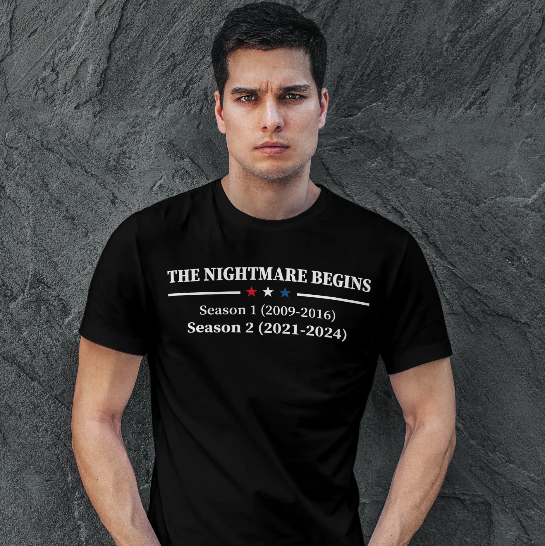 The Nightmare Begins Season 1 2008-2016 Season 2 2021-2024 Funny Election T-shirt - Inauguration Day Shirt, Black, Unisex T-Shirt
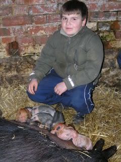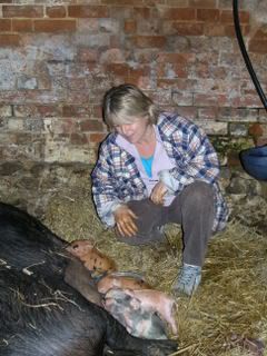 I found an injured piglet unable to walk round to feed alongside the others. I helped the piglet get a good feed and then took it in to warm beside the Aga.
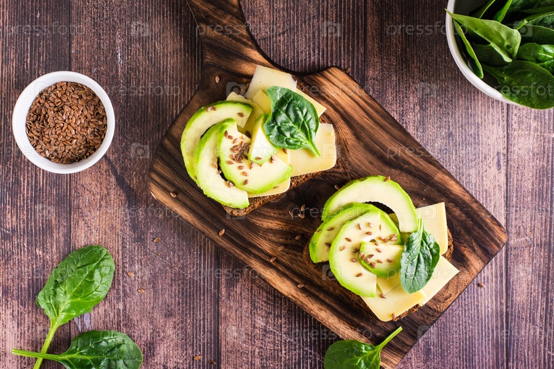 Бутерброды на ржаном хлебе с сыром, авокадо, шпинатом и семенами льна на деревянной доске. Вид сверху
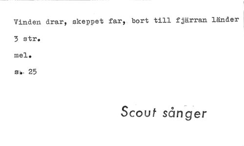 //// Vinden drar? skeppet far? bort till f jjärran länder 3 str. mel. s. 25 //// Scouf sånger
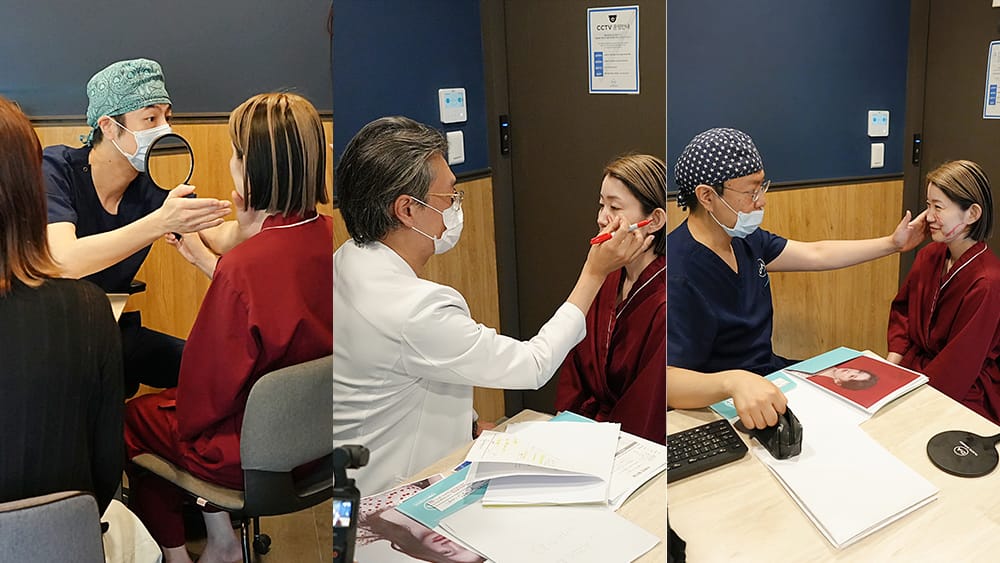 当日は朝9時にDA美容外科へ。朝から取材や動画撮影などしながら、検査、着替え、リスクの説明・手術同意書へのサインなどを済ませました。そして、ご担当いただく3名の院長との術前カウンセリングへ。
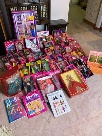 Collection of fifty (50) Barbie dolls, books, sets and vehicle. All new in-box and unopened. Asking $2,000.00 for the entire set (approximate value based on individual items on eBay would be over $3,500.00). Available for pickup only. Red and Green Holiday Barbies, Barbie Rockers (DANA), Barbie Rockers (KEN), Jewel Secrets Barbie (3 versions), Air Force Barbie, Barbie Rockers (Barbie), Dream Glow Barbie, Tropical (Miko), Tropical (Ken), Barbie Rockers (DEE DEE), Barbie Rockers (DIVA), Army Barbie, Marine Corps Barbie, Super Hair Barbie, Tennis Barbie, Barbie Rockers (DEREK), Astronaut Barbie, Gift Giving Barbie, Funtime Bar bies (2 versions), Jewel Secrets (Ken), Celebration Barbie, Jewel Secrets (Whitney), My First Barbie, Barbie underwear and leggings, Barbie Furnished Townhouse, Ballerina Barbie, Southern Belle Barbie, Magic Moves Barbie, Horse Lovin' Barbie, Horse Lovin' Ken, Tropical Skipper, Fun-To-Dress Barbie, Riviera Motor Scooter, Miniature Barbie, Barbie - Her Life & Times by BILLLYBOY, Smithsonian Barbie Catalog, Barbie Sticker Album, Barbie Bathroom set. Selling as a set, not individually. Would make a fantastic Christmas gift!
····················
Work order -
Output the entries above exactly. Drop the pictures.

Answer for the task -
 The Nightmare Begins Season 1 2008-2016 Season 2 2021-2024 Funny Election T-shirt - Inauguration Day Shirt, Black, Unisex T-Shirt
 I found an injured piglet unable to walk round to feed alongside the others. I helped the piglet get a good feed and then took it in to warm beside the Aga.
 Бутерброды на ржаном хлебе с сыром, авокадо, шпинатом и семенами льна на деревянной доске. Вид сверху
 //// Vinden drar? skeppet far? bort till f jjärran länder 3 str. mel. s. 25 //// Scouf sånger
 当日は朝9時にDA美容外科へ。朝から取材や動画撮影などしながら、検査、着替え、リスクの説明・手術同意書へのサインなどを済ませました。そして、ご担当いただく3名の院長との術前カウンセリングへ。
 Collection of fifty (50) Barbie dolls, books, sets and vehicle. All new in-box and unopened. Asking $2,000.00 for the entire set (approximate value based on individual items on eBay would be over $3,500.00). Available for pickup only. Red and Green Holiday Barbies, Barbie Rockers (DANA), Barbie Rockers (KEN), Jewel Secrets Barbie (3 versions), Air Force Barbie, Barbie Rockers (Barbie), Dream Glow Barbie, Tropical (Miko), Tropical (Ken), Barbie Rockers (DEE DEE), Barbie Rockers (DIVA), Army Barbie, Marine Corps Barbie, Super Hair Barbie, Tennis Barbie, Barbie Rockers (DEREK), Astronaut Barbie, Gift Giving Barbie, Funtime Bar bies (2 versions), Jewel Secrets (Ken), Celebration Barbie, Jewel Secrets (Whitney), My First Barbie, Barbie underwear and leggings, Barbie Furnished Townhouse, Ballerina Barbie, Southern Belle Barbie, Magic Moves Barbie, Horse Lovin' Barbie, Horse Lovin' Ken, Tropical Skipper, Fun-To-Dress Barbie, Riviera Motor Scooter, Miniature Barbie, Barbie - Her Life & Times by BILLLYBOY, Smithsonian Barbie Catalog, Barbie Sticker Album, Barbie Bathroom set. Selling as a set, not individually. Would make a fantastic Christmas gift!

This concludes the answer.